President Donald Trump's administration last week told the Supreme Court that the ACA, better known as Obamacare, is invalid, including its protections for people with preexisting conditions.

"The entire ACA thus must fall" because of a tax law change made by the Republican-controlled Congress in 2017," the administration said in a brief filed late Thursday.

The court is likely to hear the case around the time of the election, but potentially not until after Election Day on Nov. 3. A ruling could take months.

Trump and Azar have said repeatedly that any Obamacare replacement would protect people with preexisting health conditions, without offering details. Under the ACA, insurers can't refuse to cover a person or charge them more because of an existing health problem. They also can't charge women more than men. Both scenarios were common before the ACA.

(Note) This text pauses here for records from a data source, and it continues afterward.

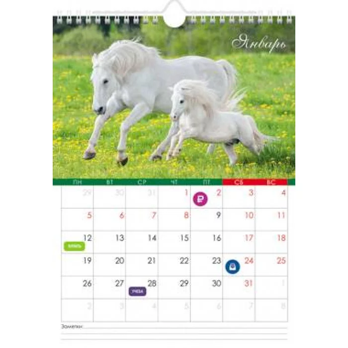 Календарь настенный перекидной 22х30 МИНИ на 2026г бум. Мелованная на гребне с ригелем с НАКЛЕЙКАМИ-Год Лошади- в инд.упак.с европодвесом
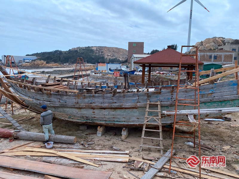 东山村码头边上,等待修葺的渔船。东南网记者 林杰 摄 _ueditor_page_break_tag_
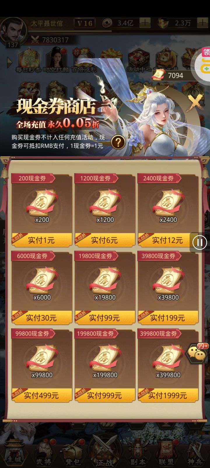 还有七千现金劵没用,六神阵容,最强援军刘备
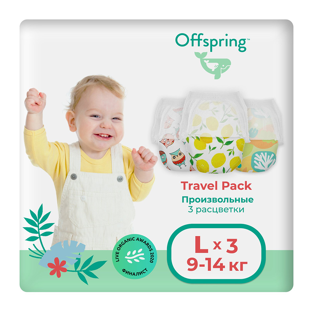 Offspring подгузники, Travel pack, L 9-13 кг. 3 шт. 3 расцветки
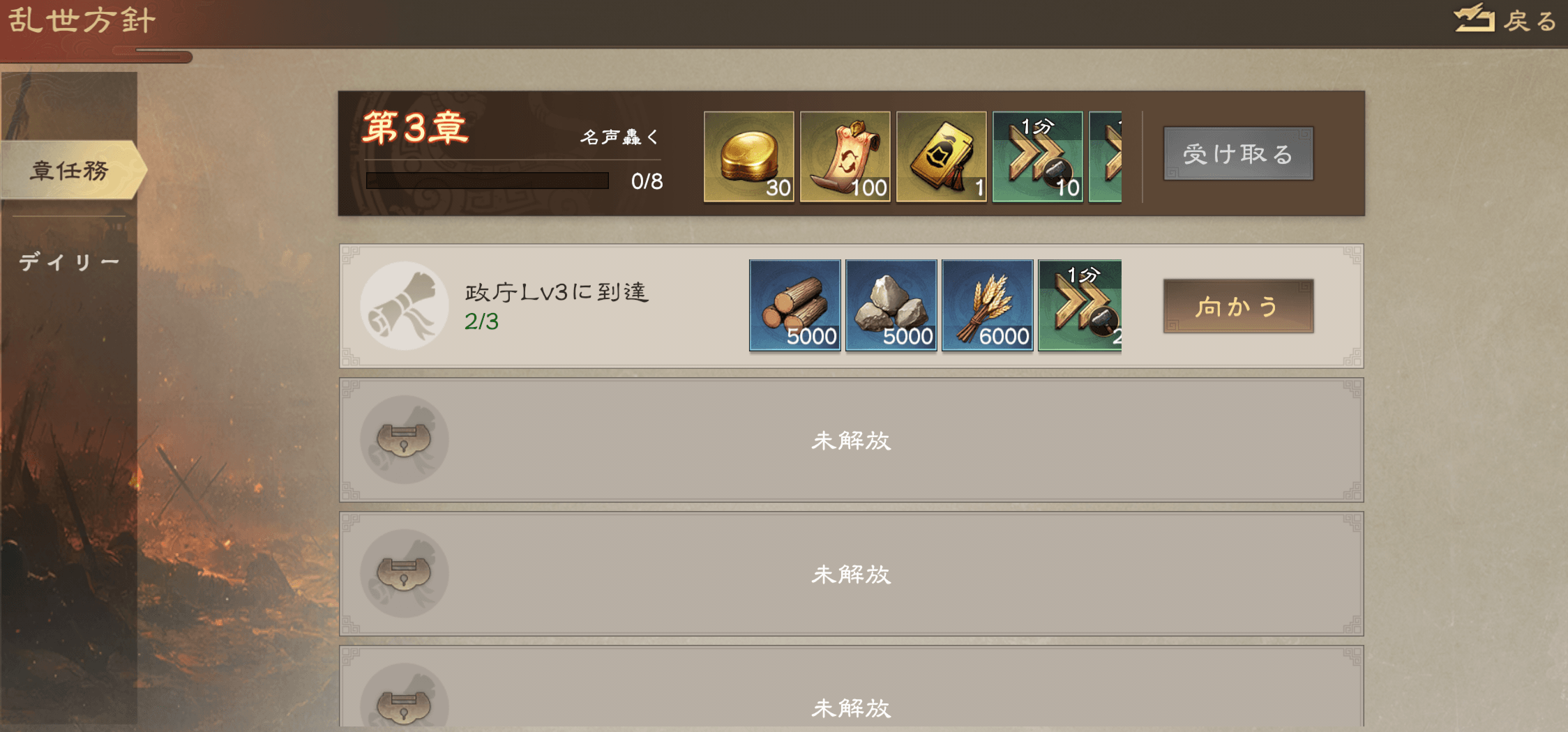 章任務で資源を入手できます。章任務はゲームを進める為に必要なミッションが多くあります。
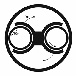 Planetary activator mills are a specific development of the concept of ball mills. In this type of equipment, the reservoirs for grinding are secured to a frame and rotate around a common axis. Meanwhile, the reactors rotate around their axes in a direction opposite to that of frame rotation (Figure 4).
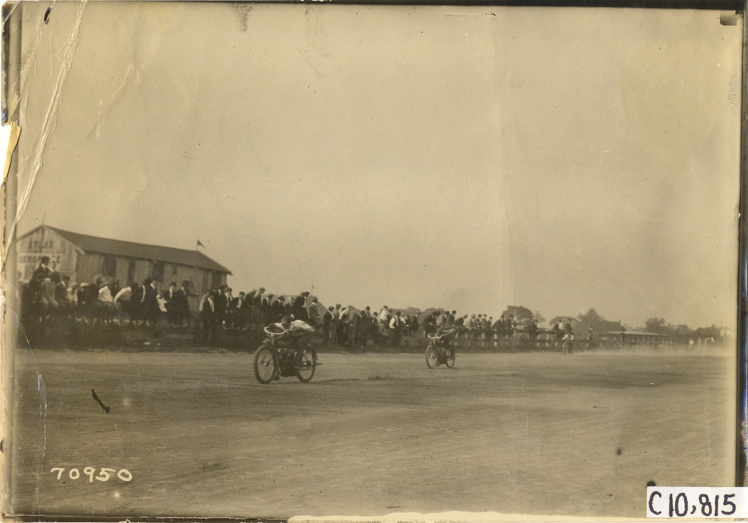 View of spectators watching motorcycle race during 1911 motorcycle races at Guttenberg motordrome in New Jersey. Stamped on back: "Spooner & Wells, Inc., photographers, telephones 3472-3473 Columbus, 1931 Broadway, New York." Handwritten on back: "Motorcycle races--Guttenberg motorcycle races, 1911."
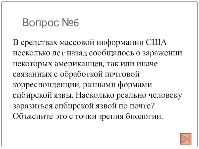 Вопрос №6В средствах массовой информации США несколько лет назад сообщалось о заражении некоторых американцев, так или иначе
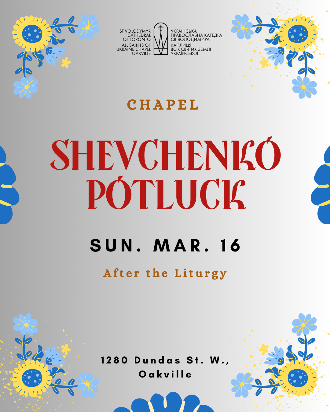 Join us on Sunday, March 16, after the Liturgy at the Chapel for a special potluck dedicated to Taras Shevchenko.
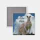 Fotografia de um canguru macho contra o céu azul e nuvens brancas fofinhas. O texto personalizável diz, "companheiro do dia".
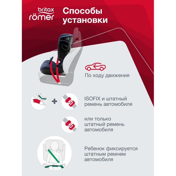 - Установка в автомобиле с помощью штатного ремня и системы Isofix или только с помощью штатного ремня автомобиля
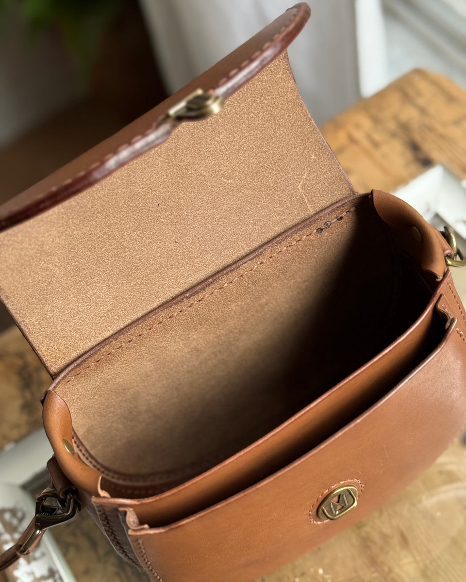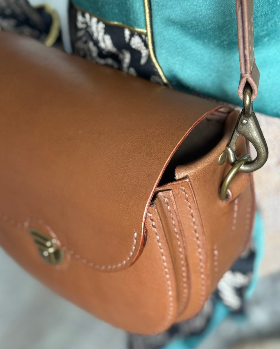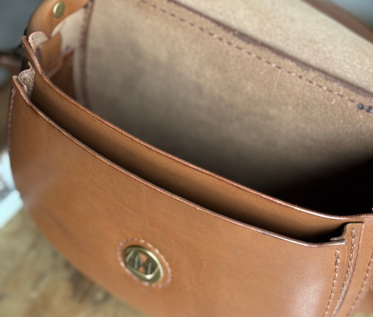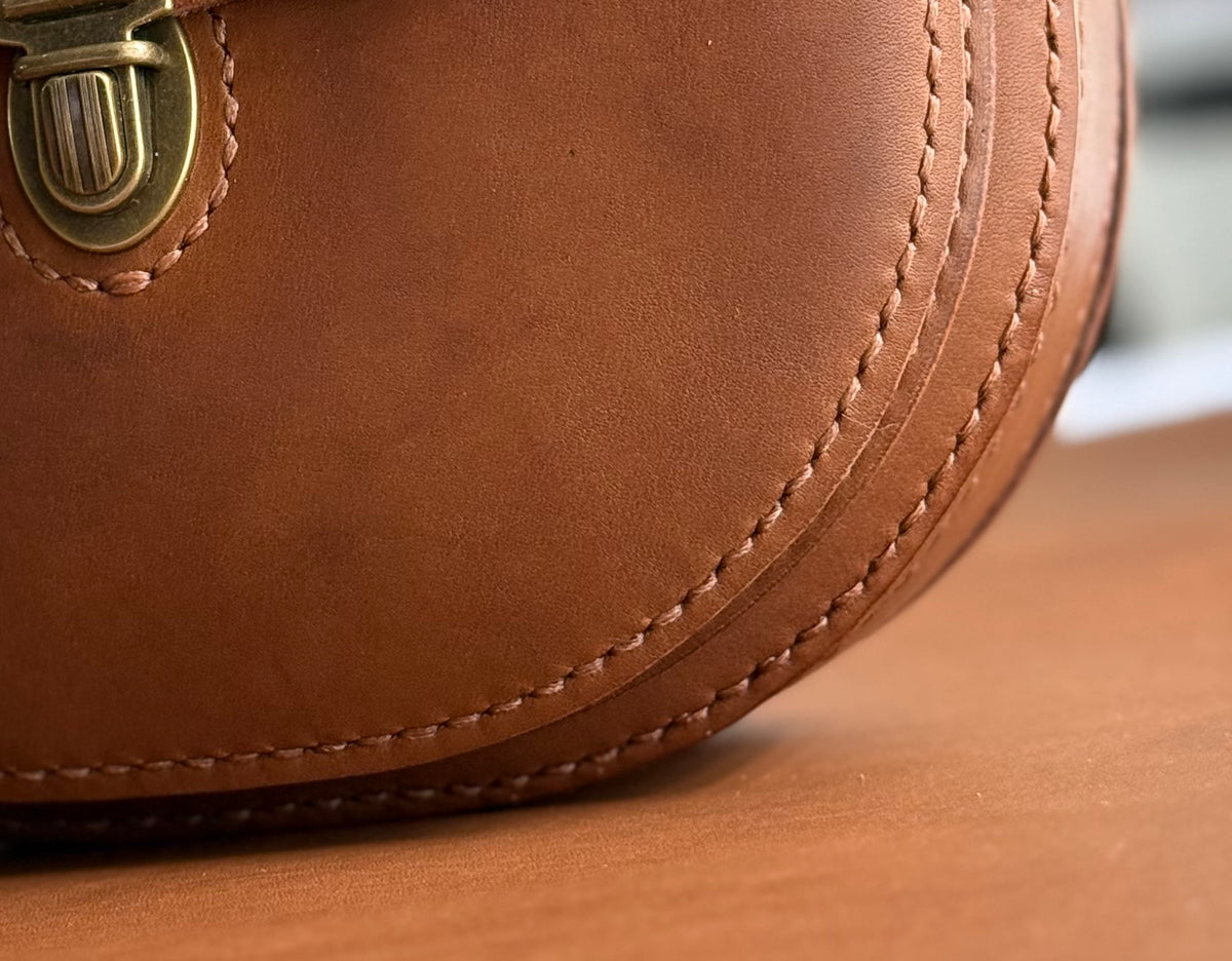 This handmade piece features two organized slots, an adjustable leather strap, and warm natural brass hardware. Every stitch is placed by hand for strength and longevity, with carefully finished edges that give the design a refined, polished look. Timeless and versatile, it’s the perfect companion for everyday use.

Pressed in a separate CNN interview about the absence of a plan, Azar said that "the exact details will be dependent on the _ frankly, the composition of Congress if and when the Supreme Court does strike down all or a large part of Obamacare."

Democrats rode the health care issue in the 2018 midterm elections to retake control of the House and they're planning to do it again in November, when the White House and both chambers of Congress will be on the line.

Marc Thiessen, a resident fellow at the conservative American Enterprise Institute, said on "Fox News Sunday" that trying to repeal Obamacare in the middle of the coronavirus pandemic was "not smart."

The timing was driven by the attorney general's lawsuit, filed in 2018, which is coming to fruition this fall, "so they had to get the filing in," Thiessen said. "But, no, it's not good timing at all for the president."

Obamacare is "becoming more and more popular, and Republicans have been talking about this for the past decade, about repealing Obamacare, and still have not coalesced around an alternative," Mo Elleithee, a former Democratic Party strategist who is now executive director of Georgetown University's Institute of Politics and Public Service, said on Fox.